Professor Andy Long, Vice-Chancellor and Chief Executive at Northumbria University, said: “Northumbria is developing a strong reputation for driving research which delivers real impact. It’s great to see this interdisciplinary project make such an impact on the future of emergency planning. Andrews’ and Duggan’s research highlights the need for new approaches to emergency planning and resilience work, especially given the breadth of unprecedented events that hazard mitigation, sustainability and resilience professionals have had to deal with in recent years. It’s also fantastic to see arts research at the forefront of innovations in these essential and complex fields.”
Professor Andrew Jones, Brunel University London’s Vice-Chancellor and President, said: “This project shines a spotlight on the impact of the arts in our society, and on the value of arts research as part of an interdisciplinary approach to tackling the challenges we face.”
The impact of Dr Duggan and Dr Andrews’ research in this area has also been seen internationally.
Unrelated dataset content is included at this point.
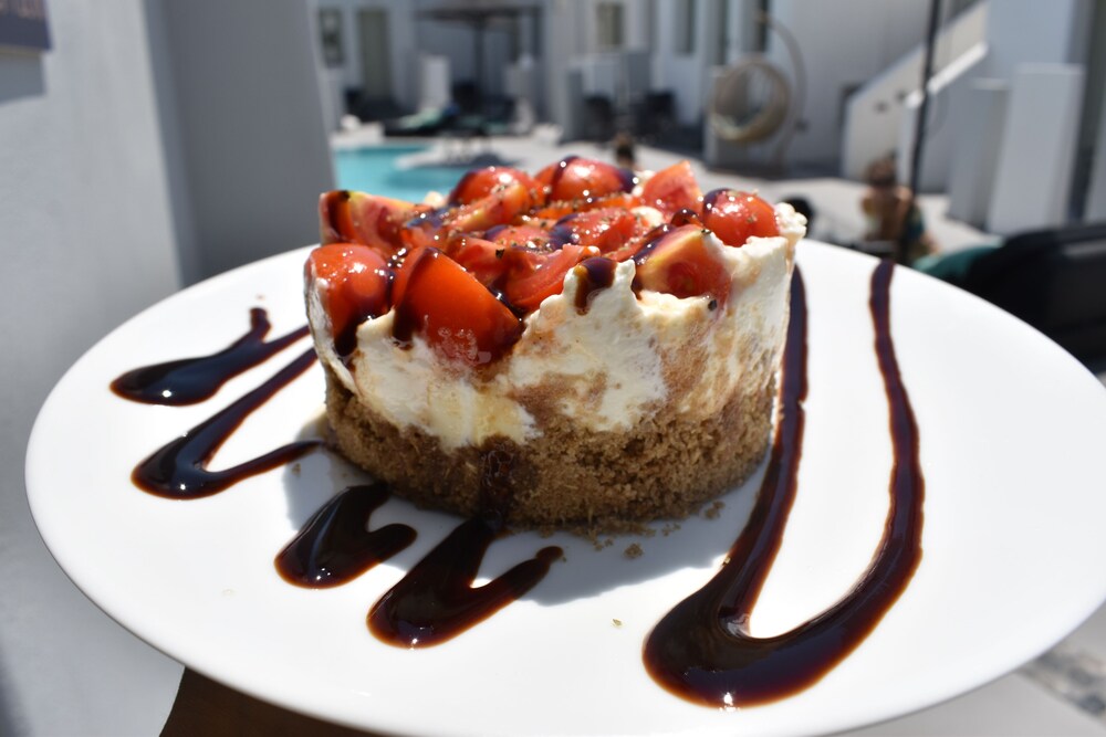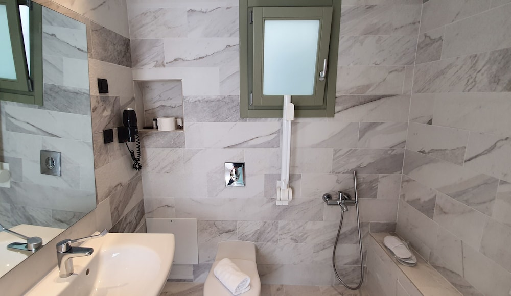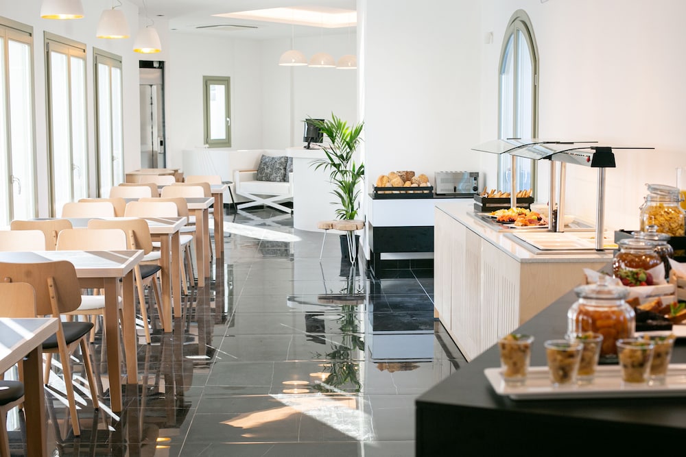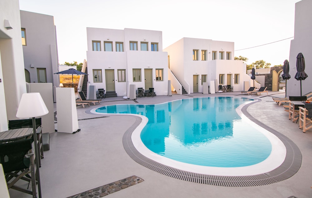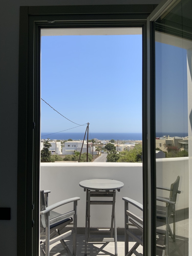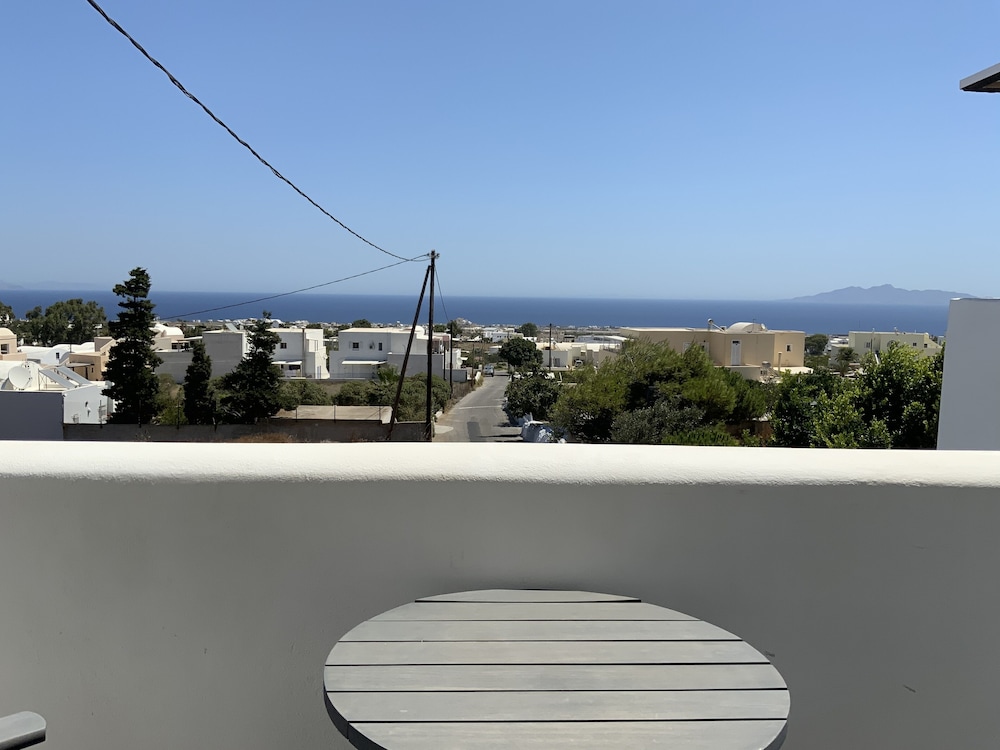 The staff were super welcoming and honored our request for a room with no steps (I think there is one with no steps and a few with 3 steps); this was perfect for my mom who has knee trouble. Everything here is brand new, the beds are comfortable, the pool is great. Getting to Fira by bus is really easy; the bus stops are just a block away. We used the hotel arranged transfer service to get there from the ferry. We used Uber as well. I’m glad I didn’t let the fact that this hotel is located in Mesaria keep us from staying here. We loved it!

In February 2022, Austin Feldbaum, Hazard Mitigation Administrator at City of New Orleans, said that Dr Duggan and Dr Andrews’ earlier research helped the city of New Orleans to understand the importance of leveraging the city’s ‘cultural vernacular’ as a means of pandemic response. Their research encouraged the city to recognise the need to ‘lift up the work’ of cultural practitioners in New Orleans as a means of communicating Covid-19 public health messages ‘with citizens in terms they could understand’.